Simons mengembangkan kerangka Sistem Pengendalian dengan menekankan suatu sistem

yang formal, sistem informasi yang dapat memelihara atau mengubah pola kegiatan, yang

tidak hanya berorientasi kepada pencapaian sasaran namun juga inovasi. Kerangka tersebut

disebut dengan Levers of Control (Simons,1995).

Simon (2000) menjelaskan bahwa terdapat empat sistem kontrol Levelrs of Control (LOC)

yaitu belief system, boundary system, diagnostic control system, dan interactive control

system yang bekerja sama untuk manfaat perusahaan.

a. Belief System

Belief system merupakan sistem formal yang digunakan oleh manajer untuk

mendefinisikan, mengkomunikasikan nilai-nilai inti perusahaan dalam rangka

untuk menginspirasi dan memotivasi karyawan untuk mencari, mengekplorasi,

membuat, serta mengeluarkan upaya dalam tindakan yang tepat (Simon, 1994).

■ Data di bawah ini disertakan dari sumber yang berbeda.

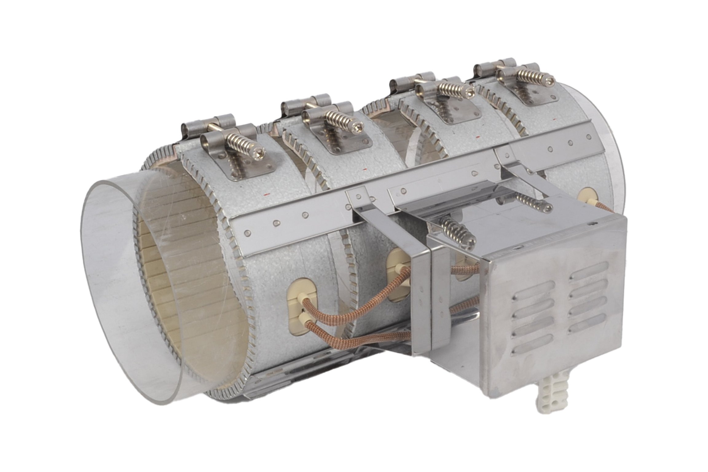 Hava soğutmalı seramik rezistanslar seramik yalıtımlı rezistanslar gibi 80/20 1100ºC krom-nikel tel, statik kemer taşı, paslanmaz dış kılıf kullanılır. Bunlara ilave olarak, havayı eşit bir şekilde dağıtma reflektörü, ithal debisi yüksek monofaze fan ve hava çıkış kanalından oluşmaktadır.

Belief system menjelaskan tentang nilai-nilai inti organisasi, definisi organisasi,

tujuan dan arah organisasi, definisi organisasi, tujuan dan arah organisasi.
b. Boundary System

Boundary system merupakan sistem formal yang digunakan oleh top manajer untuk
mengkomunikasikan batasan dan aturan organisasi untuk dihormati. Boundary
System memberitahukan karyawan apa yang mereka tidak dapat lakukan.
Tujuannya adalah untuk memungkinkan karyawan memiliki kebebasan untuk
memungkinkan karyawan memiliki kebebasan untuk berinovasi, menggali,
menciptakan, dan mencapai standar tertentu. Salah satu contoh dari boundary
system dalam (Simon, 1994) yaitu merupakan sistem yang berisi tentang aturan,
batasan, dan larangan dalam : Kode etik organisasi, Sistem perencanaan strategis,
sistem penganggaran.

c. Diagnostic Control System

Diagnostic control system merupakan sistem umpan balik formal yang digunakan
untuk memantau manfaat organisasi serta mengkoreksi kesalahan apakah sesuai
dengan standar kinerja organisasi. Tujuan dari diagnostic control system adalah
memotivasi karyawan untuk melakukan, menyelaraskan perilaku karyawan dengan
tujuan organisasi, dan untuk menyediakan mekanisme pemantauan, selain itu
dengan adanya diagnostic control system, karyawan memiliki kebebasan dalam
berinovasi, membuat serta mencapai target tertentu dalam sebuah organisasi.
Contoh dari diagnostic control system yaitu rencana laba dan pengangaran, sistem
tujuan organisasi, sistem pemantauan kegiatan, sistem pemantauan pendapatan.

d. nteractive Control System

Interactive Control System merupakan sistem pengendalian dimana manajer secara


teratur dan aktif melibatkan diri ke dalam pengambilan keputusan dan aktifitas
karyawan. Interactive Control System merupakan proses komunikasi dua arah yaitu
anatara manajer dengan karyawan bawahan pada berbagai tingkat organisasi.
Dalam Simon (1994) manajer dapat menggunakan interactive control system dari :
sistem mengenai agenda penting organisasi dan mendiskusikannya dengan
bawahan, fokusnya perhatian rutin manajemen di seluruh operasi organisasi,
partisipasi dalam diskusi yang berhadapan langsung dengan bawahan, melakukan
debat secara berkelanjutan mengenai data, asumsi dan tindakan perencanaan.